Come molti italiani che vivono fuori dalla zona di residenza per le motivazioni più disparate, anche questa volta ho fatto la mia

bella valigetta e sono salita sull'aereo per Cagliari con l'intenzione di assolvere il mio dovere di onesta cittadina. L'ultima volta,

sperando nei finti sconti Tirrenia per gli elettori, affrontai un viaggio estenuante dormendo sul pavimento del ponte nave perchè

non riuscii a trovare un posto letto disponibile.

Andai a votare con il mal di schiena e un raffreddore devastante, nervosa e arrabbiata con il sistema, e mentre disegnavo la mia

bella croce nella scheda, già costruivo mentalmente l'infuocata lettera di protesta da indirizzare a Repubblica... che infatti fu

pubblicata il giorno successivo.

E anche questa volta mi sono arrabbiata, ma per altri motivi.

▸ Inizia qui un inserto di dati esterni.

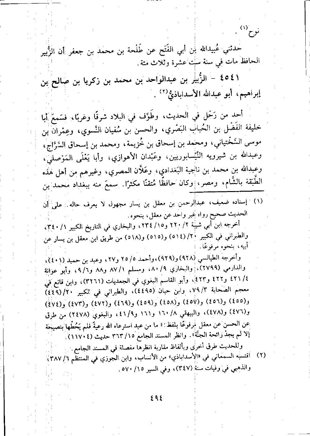 4541 - الزبير بْن عَبْد الواحد بْن مُحَمَّد بْن زَكَرِيَّا بْن صالح بْن إِبْرَاهِيمَ أَبُو عَبْد اللَّهِ الأسداباذي أحد من رحل فِي الحديث، وَطوف فِي البلاد شرقا وَغربا، فسمع أبا خليفة الفضل بْن الحباب البصري، وَالحسن بْن سفيان النسوي، وَعمران بْن مُوسَى السَّخْتِيَانِيّ، وَمحمد بْن إسحاق بْن خزيمة، وَمحمد بْن إسحاق السراج، وَعبد اللَّه بْن شيرويه النيسابوريين، وَعبدان الأهوازي، وَأبا يعلى الموصلي، وَعبد اللَّه بْن مُحَمَّد بْن ناجية البغدادي، وَعلان المصري، وَغيرهم من أَهْل هذه الطبقة بالشام، وَمصر، وَكَانَ حافظا متقنا مكثرا.
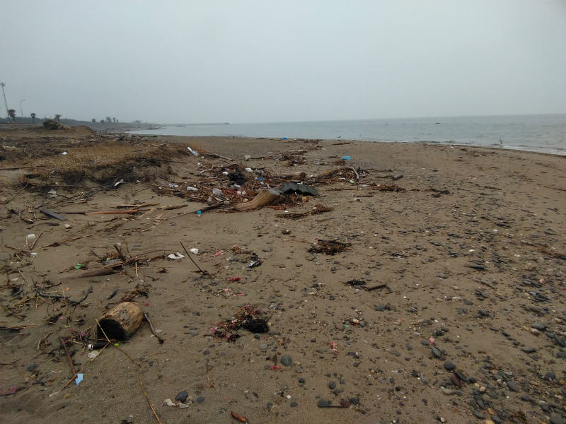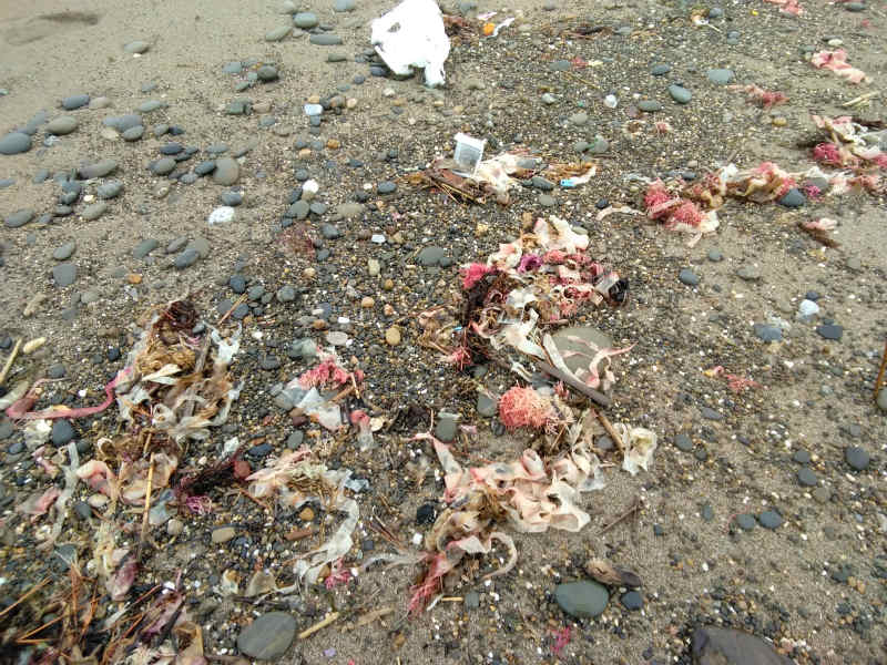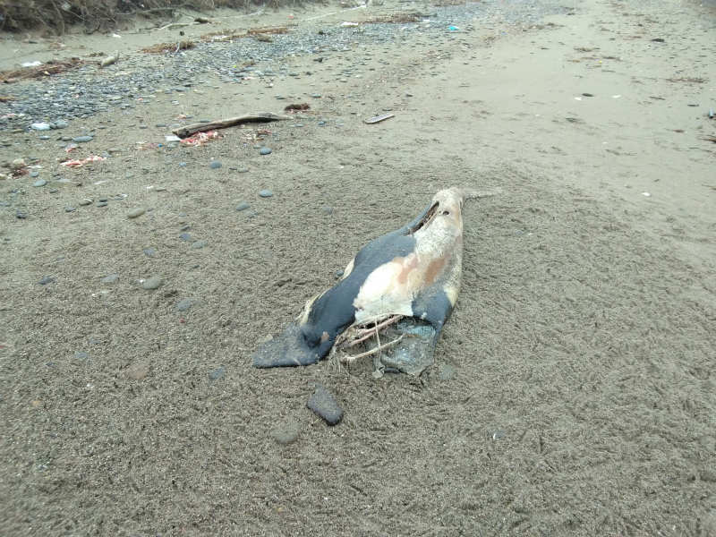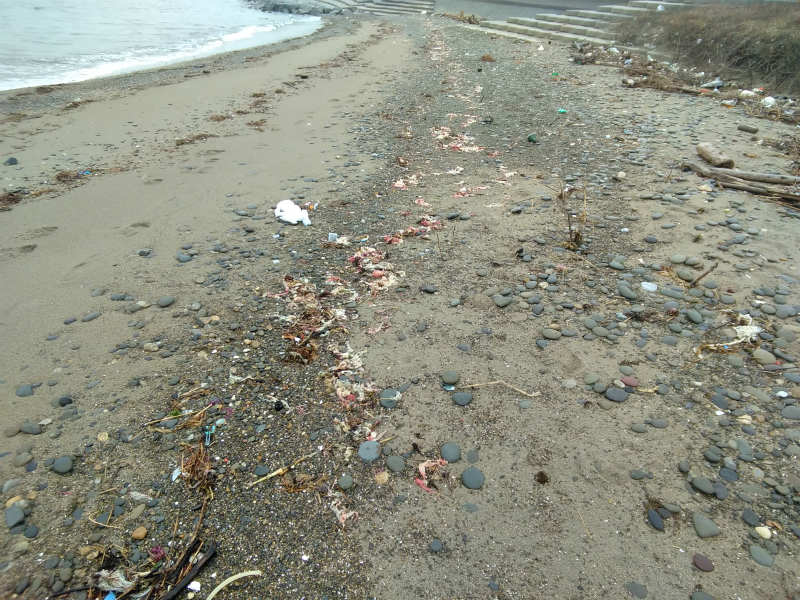 浜に降りると、朱い海藻が打ち上げられていました。そして、その先には砂に埋まったスナメリの死体がありました。

Le difficoltà e l'assenza di agevolazioni per chi, come i cittadini

sardi, non hanno la possibilità di spostarsi in treno, e la mancanza di rispetto per gli elettori, che vengono costantemente

raggirati, presi in giro e maltrattati dalla classe politica il cui interesse primario riguarda esclusivamente l'ocupazione di una

sedia a Palazzo, sono solo la punta di un iceberg che va ad intaccare quella che è la dignità e l'intelligenza del popolo italiano.

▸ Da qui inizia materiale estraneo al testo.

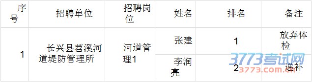 [图文]2015浙江长兴县属事业单位招聘递补体检名单

E questo si è visto in tutte le fasi di questa snervante, patetica campagna elettorale, costruita totalmente sul pressapochismo,

sulle facili promesse e sulle contraddizioni nelle proposte e nei programmi. Roba da cadere dalla sedia, come quando ho letto dei

poveri pensionati in fila per ritirare il rimborso dell'Imu. E tutto questo ha avuto un'immediata ed evidente ripercussione sul

senso di coerenza dell'elettore che ha vagato spaesato, chiedendo consigli e pareri a destra e a manca on e offline, fino all'ultimo

minuto prima di entrare nel seggio.

Le ho viste e le ho osservate le facce della gente che, davanti alla porta di ingresso del proprio seggio elettorale, fissavano con

sguardo perso i simboletti colorati appositamente affissi per ricordare all'elettore le possibilità di scelta. Facce impaurite che si

chiedevano "e mò a chi lo do sto voto", facce incerte intente a votare "il meno peggio" ma di fatto poco convinte su chi realmente

fosse questo "meno peggio". Scenari davvero inquietanti, surreali come i quadri di Salvador Dalì, contorti come le tavole di

Escher, come quelle scale che da qualsiasi parte le prendi non ti portano da nessuna parte. Totalmente fuori dalla realtà.

Ho seguito il movimento degli elettori su Facebook e Twitter e devo dire che, anzichè assistere a una sana riflessione sulla

situazione politica e sulle opzioni di scelta, ha prevalso lo sdegno, la stanchezza generalizzata verso una situazione che da troppo

tempo ci tiene in ostaggio, costringendoci a sacrifici quotidiani e austerity, mentre dall'altra parte, quella dove risiedono i

potenti, feste di palazzo e benefit rappresentano solo una parte dello spreco che ha caratterizzato l'Italia di questi decenni.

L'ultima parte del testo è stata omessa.